_Activity_. Nothing but the pictures is dropped; write out all the remaining data below exactly.

··· Listed entries ···

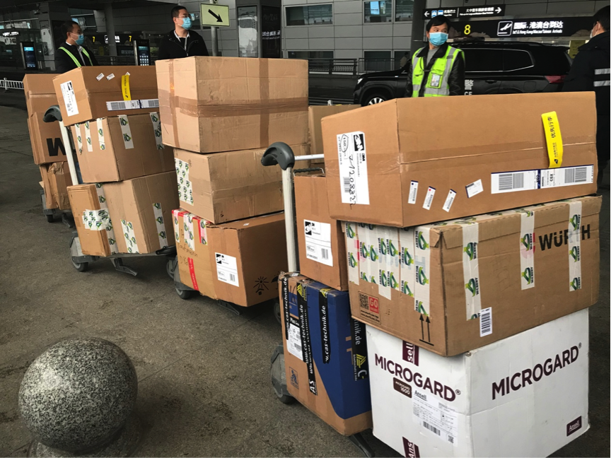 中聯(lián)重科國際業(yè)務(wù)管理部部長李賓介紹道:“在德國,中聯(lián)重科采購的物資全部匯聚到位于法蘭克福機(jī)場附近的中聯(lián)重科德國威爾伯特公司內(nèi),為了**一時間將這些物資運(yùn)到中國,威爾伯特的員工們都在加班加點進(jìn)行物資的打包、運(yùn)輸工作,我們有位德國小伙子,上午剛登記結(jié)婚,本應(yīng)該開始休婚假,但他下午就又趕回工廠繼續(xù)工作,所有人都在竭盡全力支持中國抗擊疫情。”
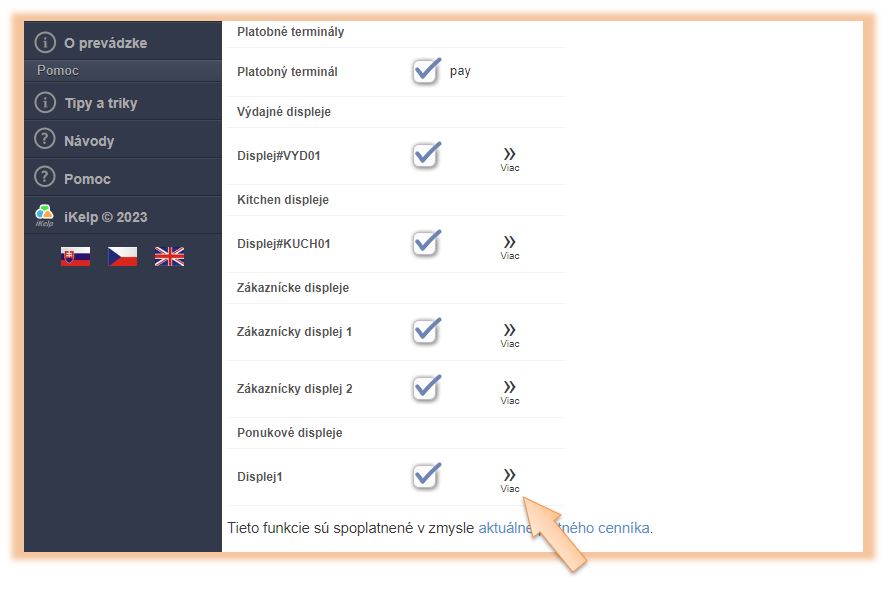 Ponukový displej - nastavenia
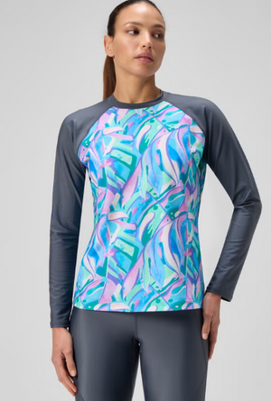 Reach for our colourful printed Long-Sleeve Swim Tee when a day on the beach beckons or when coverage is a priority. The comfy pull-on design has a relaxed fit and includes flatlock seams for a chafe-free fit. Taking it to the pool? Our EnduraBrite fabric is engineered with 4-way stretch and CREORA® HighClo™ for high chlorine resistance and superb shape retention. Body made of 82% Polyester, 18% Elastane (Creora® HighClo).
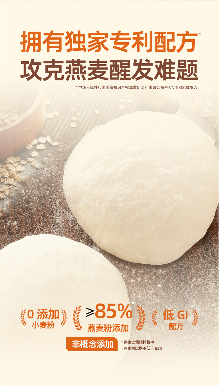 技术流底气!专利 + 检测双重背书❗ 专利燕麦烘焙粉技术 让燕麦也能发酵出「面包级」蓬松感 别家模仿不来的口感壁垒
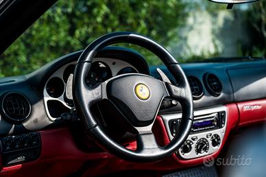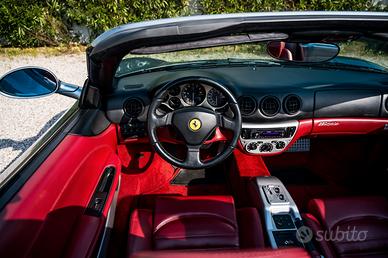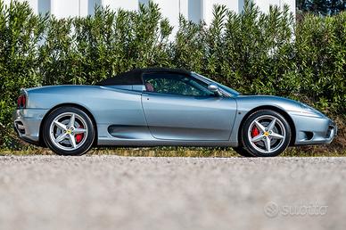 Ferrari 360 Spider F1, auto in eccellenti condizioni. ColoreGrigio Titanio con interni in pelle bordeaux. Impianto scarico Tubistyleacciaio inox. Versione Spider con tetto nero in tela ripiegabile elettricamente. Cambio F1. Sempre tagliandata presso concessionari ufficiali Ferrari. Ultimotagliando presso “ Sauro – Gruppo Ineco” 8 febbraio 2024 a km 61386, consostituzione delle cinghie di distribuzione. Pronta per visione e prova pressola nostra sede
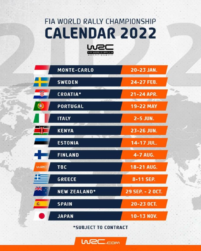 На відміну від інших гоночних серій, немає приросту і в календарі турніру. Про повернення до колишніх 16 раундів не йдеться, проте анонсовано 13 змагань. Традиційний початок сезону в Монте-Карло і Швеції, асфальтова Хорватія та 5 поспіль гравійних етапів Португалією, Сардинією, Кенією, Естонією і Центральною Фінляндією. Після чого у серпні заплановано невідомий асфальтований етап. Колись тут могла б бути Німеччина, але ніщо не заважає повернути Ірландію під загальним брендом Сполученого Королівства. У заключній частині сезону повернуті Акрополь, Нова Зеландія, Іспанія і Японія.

···

_Solution to this problem_.
 中聯(lián)重科國際業(yè)務(wù)管理部部長李賓介紹道:“在德國,中聯(lián)重科采購的物資全部匯聚到位于法蘭克福機(jī)場附近的中聯(lián)重科德國威爾伯特公司內(nèi),為了**一時間將這些物資運(yùn)到中國,威爾伯特的員工們都在加班加點進(jìn)行物資的打包、運(yùn)輸工作,我們有位德國小伙子,上午剛登記結(jié)婚,本應(yīng)該開始休婚假,但他下午就又趕回工廠繼續(xù)工作,所有人都在竭盡全力支持中國抗擊疫情。”
 Ponukový displej - nastavenia
 Reach for our colourful printed Long-Sleeve Swim Tee when a day on the beach beckons or when coverage is a priority. The comfy pull-on design has a relaxed fit and includes flatlock seams for a chafe-free fit. Taking it to the pool? Our EnduraBrite fabric is engineered with 4-way stretch and CREORA® HighClo™ for high chlorine resistance and superb shape retention. Body made of 82% Polyester, 18% Elastane (Creora® HighClo).
 技术流底气!专利 + 检测双重背书❗ 专利燕麦烘焙粉技术 让燕麦也能发酵出「面包级」蓬松感 别家模仿不来的口感壁垒
 Ferrari 360 Spider F1, auto in eccellenti condizioni. ColoreGrigio Titanio con interni in pelle bordeaux. Impianto scarico Tubistyleacciaio inox. Versione Spider con tetto nero in tela ripiegabile elettricamente. Cambio F1. Sempre tagliandata presso concessionari ufficiali Ferrari. Ultimotagliando presso “ Sauro – Gruppo Ineco” 8 febbraio 2024 a km 61386, consostituzione delle cinghie di distribuzione. Pronta per visione e prova pressola nostra sede
 На відміну від інших гоночних серій, немає приросту і в календарі турніру. Про повернення до колишніх 16 раундів не йдеться, проте анонсовано 13 змагань. Традиційний початок сезону в Монте-Карло і Швеції, асфальтова Хорватія та 5 поспіль гравійних етапів Португалією, Сардинією, Кенією, Естонією і Центральною Фінляндією. Після чого у серпні заплановано невідомий асфальтований етап. Колись тут могла б бути Німеччина, але ніщо не заважає повернути Ірландію під загальним брендом Сполученого Королівства. У заключній частині сезону повернуті Акрополь, Нова Зеландія, Іспанія і Японія.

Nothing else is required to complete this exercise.